Java 16: Meta-space, reinvention

The Metaspace code base became unwieldy and difficult to maintain, so we decided to start from scratch and implement it cleanly. This work requires JEP because it is outside the scope of normal RFE due to its size and the risks involved. It requires more careful review, testing, and collaboration from both Oracle’s runtime and GC staff.

With Java 16, JEP 387 was released — a new meta-space was born. It retains the basic principles of the old Metaspace architecture, with the core being an arena allocator that sits on top of its own virtual memory layer. But there are key differences.

Block geometry in old Metaspace was rigid and inflexible. Blocks exist mainly in three fairly arbitrarily spaced sizes and are difficult to merge and split. This inefficient geometry quickly leads to fragmentation when class unloading begins, which is why each classloader is expensive.

The new meta-space uses a new allocation scheme to manage blocks in memory, based on the partner allocation algorithm [13]. The algorithm is fast and efficient, implements tight memory packaging, and is very good at preventing fragmentation.

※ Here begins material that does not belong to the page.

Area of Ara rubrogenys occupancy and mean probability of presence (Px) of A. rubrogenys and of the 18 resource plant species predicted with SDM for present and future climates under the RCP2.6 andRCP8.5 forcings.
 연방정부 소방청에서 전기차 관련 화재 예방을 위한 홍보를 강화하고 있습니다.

It manages all of this at a very low run-time cost.

The buddy allocator algorithm is very old, dating back to the 1960s. It is widely used in C-Heap implementations or virtual memory management in operating systems. For example, the Linux kernel uses a variant of this algorithm to manage physical pages.

A typical partner allocator manages blocks of a power of two size. Because of this, it is not the best choice to implement an “end-user” allocation scheme like malloc() because it wastes memory and each allocation is not a perfect quadratic power. But Metaspace uses partner allocation, and this limitation doesn’t matter: The blocks managed by the partner allocator are not the end product of metadata allocation, but rather the coarser grained building blocks used to implement Metaspace Arenas.

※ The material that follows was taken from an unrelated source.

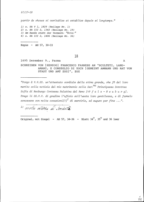 Schreiben von Francesco Farnese, Herzog, an Ammann und Rat von Stadt und Amt Zug,...

The very simplified partner assignment in Metaspace works like this:

  • The classloader is the metadata request space; Its Arena needs and requests a new block from the block manager.
  • The block manager searches the free list for blocks equal to or greater than the requested size.
  • If it finds a larger size than the request, it splits the block in half repeatedly until the fragment has the requested size.
  • It now hands over one of the fragments to the request loader and adds the remaining fragments back to the free list.

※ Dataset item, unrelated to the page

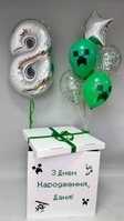 Зробіть день народження справжньою ігровою подією! Цей масштабний набір у стилі Minecraft створений для юних геймерів, які обожнюють пригоди.До складу набору входить:Велика коробка-сюрприз (70х70 см): білого кольору, прикрашена тематичними наліпками, індивідуальним написом та атласним бантом.Фольгована цифра (80 см): сріблястого кольору (номер можна змінити).Стильний фонтан із кульок:- 3 латексні кульки зеленого кольору з принтом «Кріпер»;
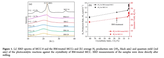 開發(fā)高效預(yù)處理策略提升纖維素光催化重整制氫效率,闡明球磨誘導(dǎo)的纖維素結(jié)構(gòu)變化(如無定形化、重結(jié)晶)與制氫性能的構(gòu)效關(guān)系。

Block release works in reverse order:

  • The classloader is dead; Its Arena also dies and returns all blocks to the block manager
  • The block manager marks each block as free and checks its adjacent blocks (” partners “). If it is also free, it merges the two blocks into one larger block.
  • It repeats the process recursively until it meets a partner that is still in use, or until it reaches the maximum chunk size (and maximum defragmentation).
  • Chunks are then unallocated to return memory to the operating system.

Like a self-repairing ice sheet, chunks break apart as they are distributed and crystallize back into larger units as they are released. Even if this process repeats endlessly, it is an excellent way to prevent fragmentation, for example, in a JVM that loads and offloads a large number of classes over its lifetime.

Now, “Talk is cheap, show me the code.” The code is there. Compared with the old meta-space, how is the new meta-space formed?

Advantages:

  • Better elasticity
  • Less overhead per class loader
  • The smaller meta space is used for small Java programs

The new metaspace in Java 16 saves memory — how much depends on the scenario. Flexibility and reduced fragmentation benefit large applications with long uptime. The reduction in overhead per class loader helps in the case of fine-grained loader scenarios. The new Metaspace code base is also cleaner and simpler, which reduces our maintenance staff costs and makes future enhancements easier.